Since it was to do with all connections, I just physically disconnected the network and then rebooted. Then all was well again and I could login. Reconnected the network and everything was fine after that.
 
From all I could find online, it looks like what you did ends up being the best fix in other instances as well. I modified your description to find some other instances of the error message - all did not include remote desktop connections. I also saw one instance where someone was using R statistics software (I think), and they stated a stuck loop caused it. I wonder if you could have had any program running that just got stuck. Also, my initial thought was of course that it'd be good to double-check that there is no malware activity going on. Being it's a # of connections we're talking about, what if a piece of malware opened up a port on your computer, and suddenly several bad sources tried to connect at once.

Anyway, thanks for sharing. Hopefully it's a one-time hiccup rather than symptom of a bigger problem.

At least 2 instances I could find online hinted that a Windows update caused the issue.
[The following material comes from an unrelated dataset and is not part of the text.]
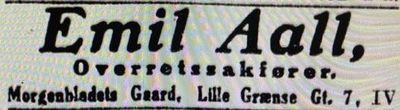 | Han fortsatte til sin dødsdag sin sakførervirksomhet i Oslo, som han efterhånden opparbeidet til en betydelig og solid forretning. Hans orden, pålitelighet og samvittighetsfullhet skapte ham tillit og anseelse i vide kretser. Hans uventede bortgang brakte sorg også utenfor hans nærmeste krets, savnet som han ble både av venner og klienter. Emil Aall var det selvskrevne midtpunkt innen vennekretsen. Til ham kom de alle med sine bekymringer, og her var det alltid trøst eller et godt råd å få. | ||

"But thanks be to God, which giveth us the victory through our Lord Jesus Christ." 1 Corinthians 15:57
 
I highly doubt this has anything to do with it, but you don't have Carbonite running on this PC do you? If so, the new version has a really bad issue of tying up TCP ports and causing all kinds of login/remote issues. Just though I would toss this out there in case.

Learning - A never ending quest for knowledge usually attained by being thrown in a situation and told to fix it NOW.
 
Don't have Carbonite running. Just 2 W10 machines with standard software.

The target machine had 2Gb memory. The machine I was remoting in from was a Macbook with a retina display running W10. No idea what the resolution was but it was very high. It had this annoying power button that was in the same location as a delete key on most other keyboards.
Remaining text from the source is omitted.